[Source data]

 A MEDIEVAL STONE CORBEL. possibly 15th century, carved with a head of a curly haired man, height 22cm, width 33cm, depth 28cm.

[/Source data]
[Source data]

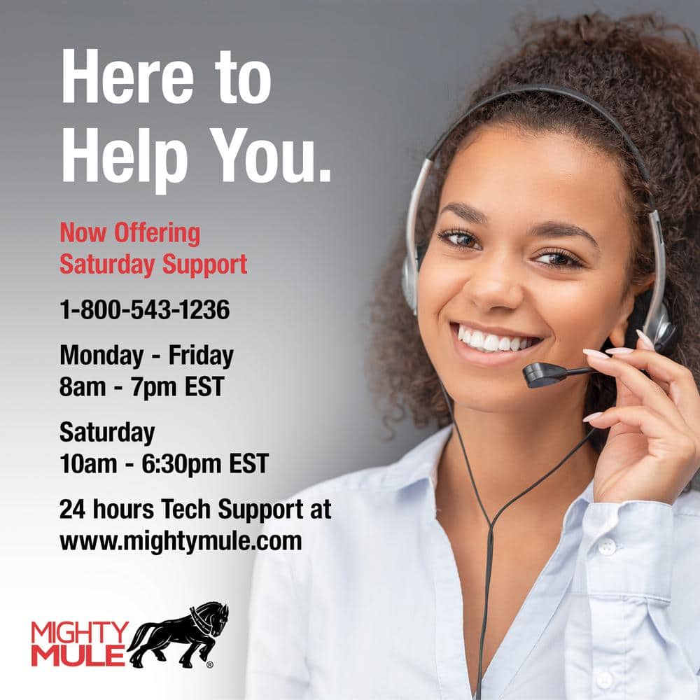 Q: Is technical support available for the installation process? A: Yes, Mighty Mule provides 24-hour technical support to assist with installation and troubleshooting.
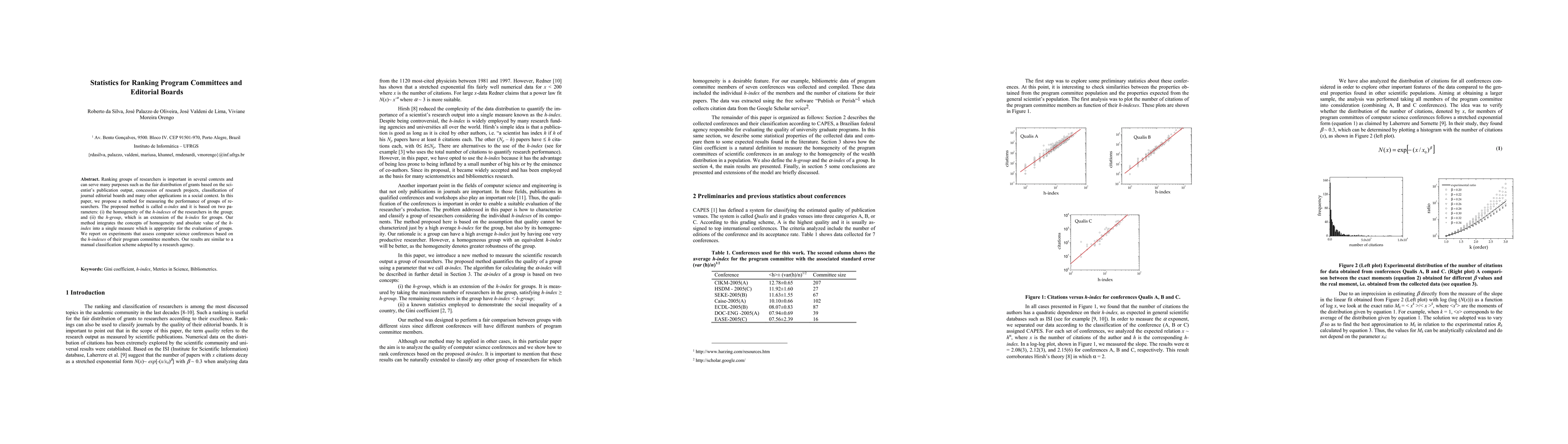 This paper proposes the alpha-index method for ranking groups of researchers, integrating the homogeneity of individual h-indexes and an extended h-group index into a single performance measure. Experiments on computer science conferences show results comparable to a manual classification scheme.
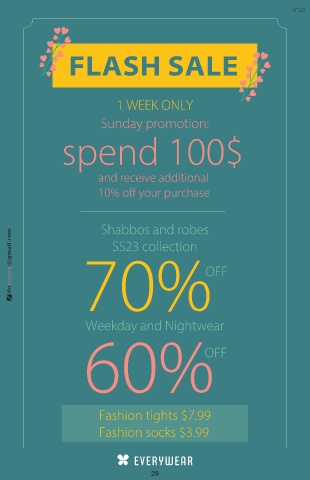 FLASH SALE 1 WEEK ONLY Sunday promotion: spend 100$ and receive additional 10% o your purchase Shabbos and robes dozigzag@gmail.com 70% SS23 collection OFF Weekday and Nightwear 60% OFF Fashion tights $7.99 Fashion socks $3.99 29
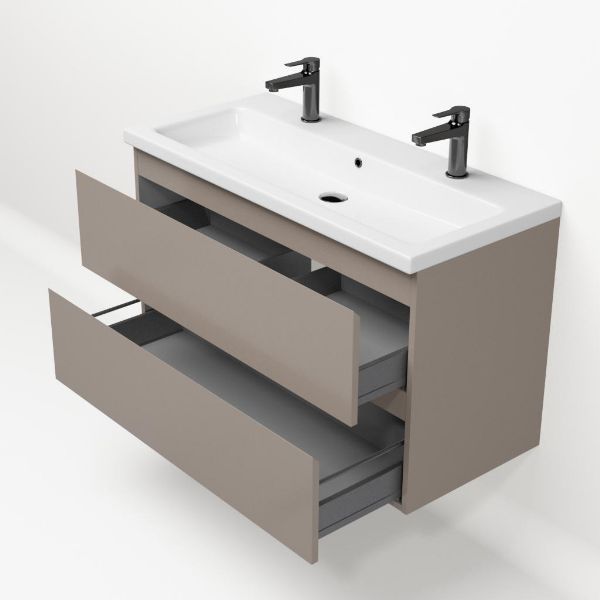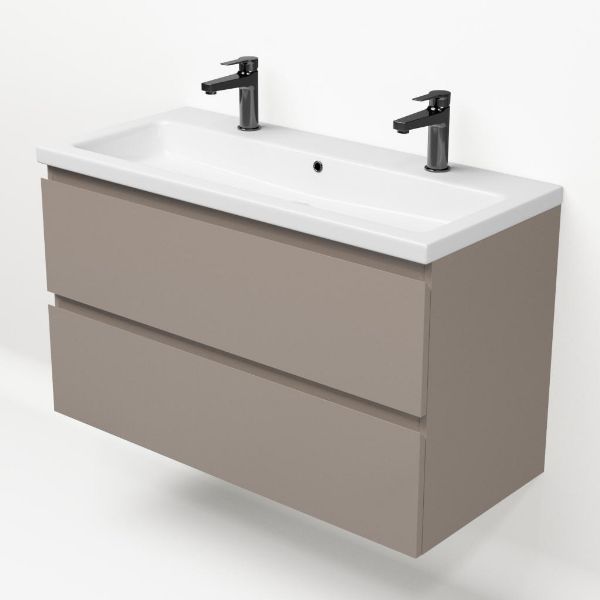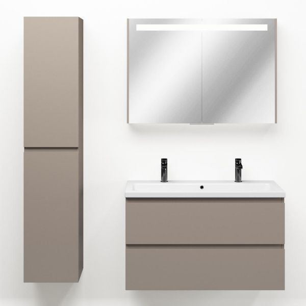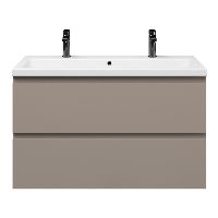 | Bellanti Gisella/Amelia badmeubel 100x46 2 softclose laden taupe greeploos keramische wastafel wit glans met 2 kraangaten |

[/Source data]
[Source data]

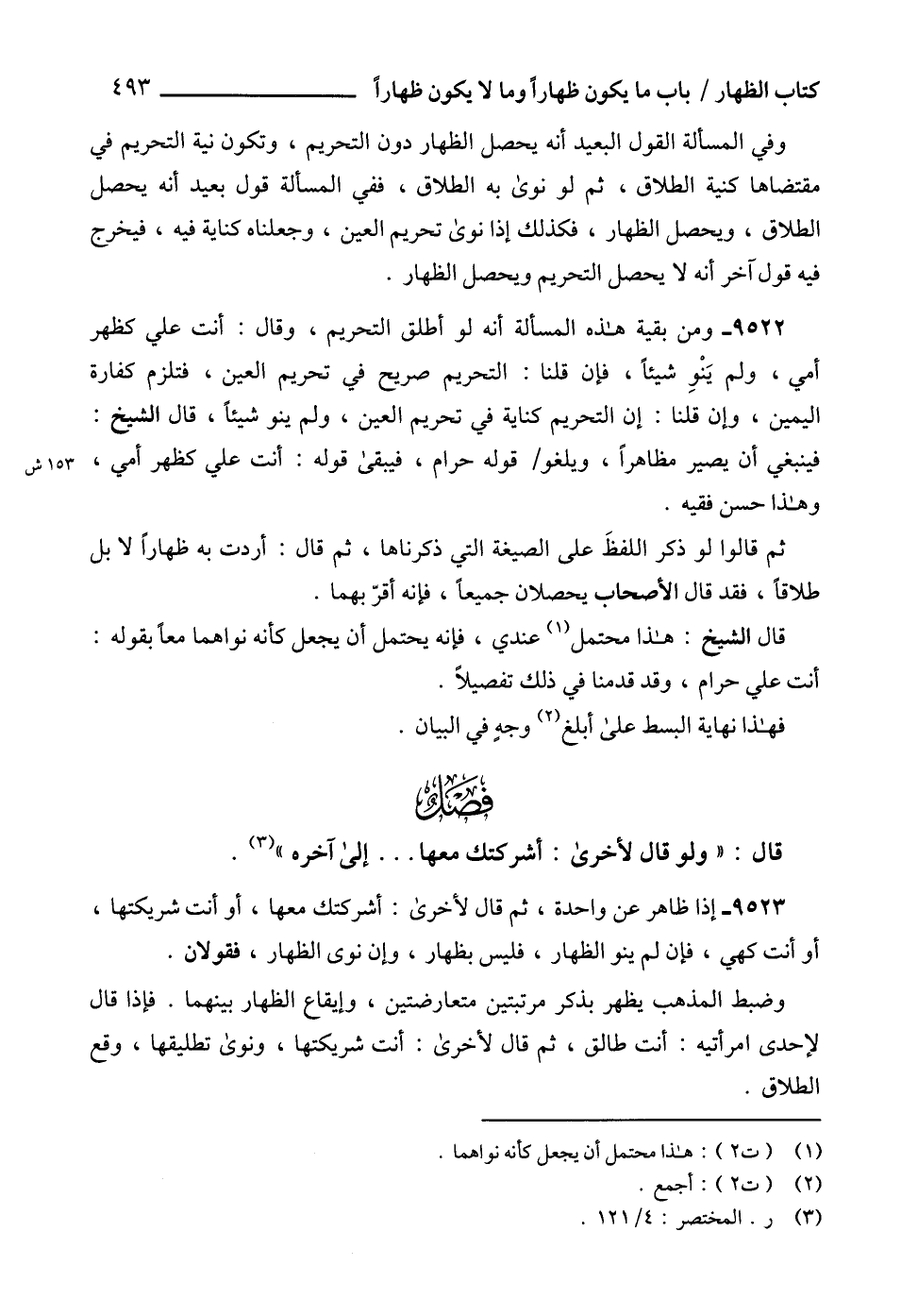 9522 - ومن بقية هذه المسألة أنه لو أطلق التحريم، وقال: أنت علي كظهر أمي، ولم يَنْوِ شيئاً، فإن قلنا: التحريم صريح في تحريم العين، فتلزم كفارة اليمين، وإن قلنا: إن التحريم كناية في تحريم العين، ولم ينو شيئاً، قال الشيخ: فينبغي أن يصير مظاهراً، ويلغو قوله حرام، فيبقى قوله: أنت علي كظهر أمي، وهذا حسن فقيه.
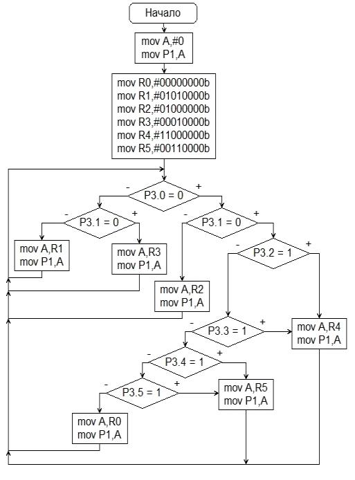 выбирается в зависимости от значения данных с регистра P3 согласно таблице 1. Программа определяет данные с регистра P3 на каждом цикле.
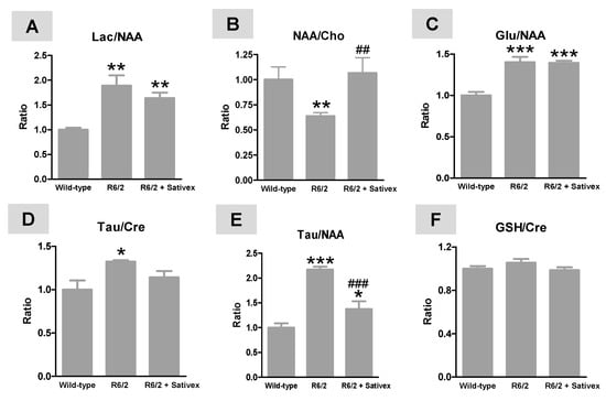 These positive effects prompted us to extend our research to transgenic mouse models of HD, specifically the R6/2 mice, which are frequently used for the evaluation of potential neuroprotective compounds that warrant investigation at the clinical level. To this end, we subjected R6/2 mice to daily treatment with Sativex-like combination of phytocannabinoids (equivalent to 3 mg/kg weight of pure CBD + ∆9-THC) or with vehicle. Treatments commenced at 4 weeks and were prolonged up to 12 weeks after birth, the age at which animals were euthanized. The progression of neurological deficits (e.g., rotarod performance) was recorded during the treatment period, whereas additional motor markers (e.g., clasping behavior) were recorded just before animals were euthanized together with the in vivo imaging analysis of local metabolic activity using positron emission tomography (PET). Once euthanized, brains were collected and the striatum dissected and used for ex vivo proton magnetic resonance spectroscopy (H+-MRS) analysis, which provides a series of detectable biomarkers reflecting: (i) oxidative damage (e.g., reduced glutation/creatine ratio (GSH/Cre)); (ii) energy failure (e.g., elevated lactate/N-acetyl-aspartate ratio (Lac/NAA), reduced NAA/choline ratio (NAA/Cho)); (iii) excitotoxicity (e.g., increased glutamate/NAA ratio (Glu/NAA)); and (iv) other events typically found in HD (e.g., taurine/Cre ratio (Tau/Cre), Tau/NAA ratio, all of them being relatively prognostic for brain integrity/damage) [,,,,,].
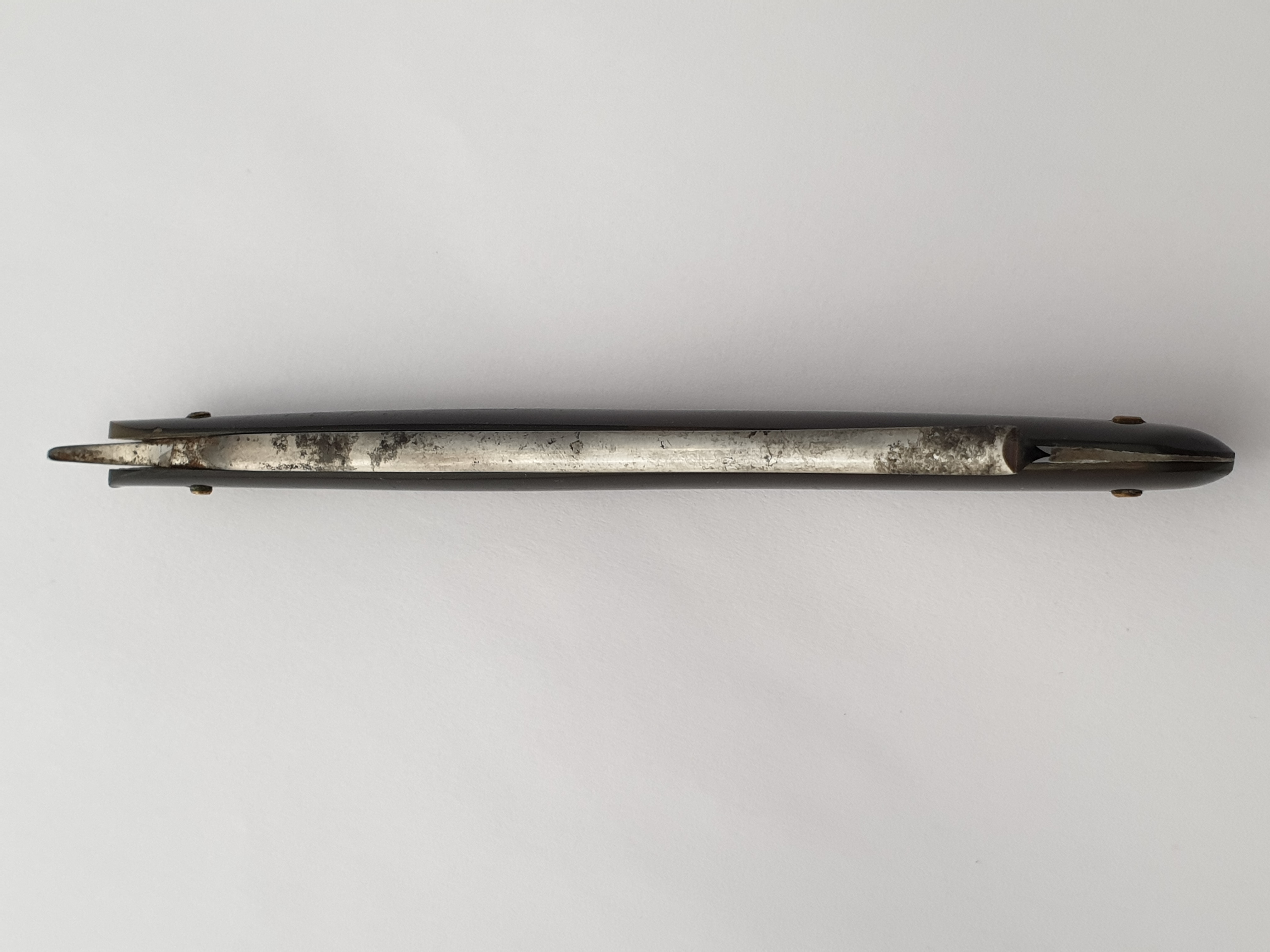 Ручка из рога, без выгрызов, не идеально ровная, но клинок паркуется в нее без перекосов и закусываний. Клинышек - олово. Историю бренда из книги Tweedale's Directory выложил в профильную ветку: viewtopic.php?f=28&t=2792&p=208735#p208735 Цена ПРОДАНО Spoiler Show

[/Source data]

• **Assignment**
Would you output the lines above from the line holding "These positive effects" up to and including the line holding "Ручка из рога, без", exactly and only those, with no pictures?

• **Task answer**
 These positive effects prompted us to extend our research to transgenic mouse models of HD, specifically the R6/2 mice, which are frequently used for the evaluation of potential neuroprotective compounds that warrant investigation at the clinical level. To this end, we subjected R6/2 mice to daily treatment with Sativex-like combination of phytocannabinoids (equivalent to 3 mg/kg weight of pure CBD + ∆9-THC) or with vehicle. Treatments commenced at 4 weeks and were prolonged up to 12 weeks after birth, the age at which animals were euthanized. The progression of neurological deficits (e.g., rotarod performance) was recorded during the treatment period, whereas additional motor markers (e.g., clasping behavior) were recorded just before animals were euthanized together with the in vivo imaging analysis of local metabolic activity using positron emission tomography (PET). Once euthanized, brains were collected and the striatum dissected and used for ex vivo proton magnetic resonance spectroscopy (H+-MRS) analysis, which provides a series of detectable biomarkers reflecting: (i) oxidative damage (e.g., reduced glutation/creatine ratio (GSH/Cre)); (ii) energy failure (e.g., elevated lactate/N-acetyl-aspartate ratio (Lac/NAA), reduced NAA/choline ratio (NAA/Cho)); (iii) excitotoxicity (e.g., increased glutamate/NAA ratio (Glu/NAA)); and (iv) other events typically found in HD (e.g., taurine/Cre ratio (Tau/Cre), Tau/NAA ratio, all of them being relatively prognostic for brain integrity/damage) [,,,,,].
 Ручка из рога, без выгрызов, не идеально ровная, но клинок паркуется в нее без перекосов и закусываний. Клинышек - олово. Историю бренда из книги Tweedale's Directory выложил в профильную ветку: viewtopic.php?f=28&t=2792&p=208735#p208735 Цена ПРОДАНО Spoiler Show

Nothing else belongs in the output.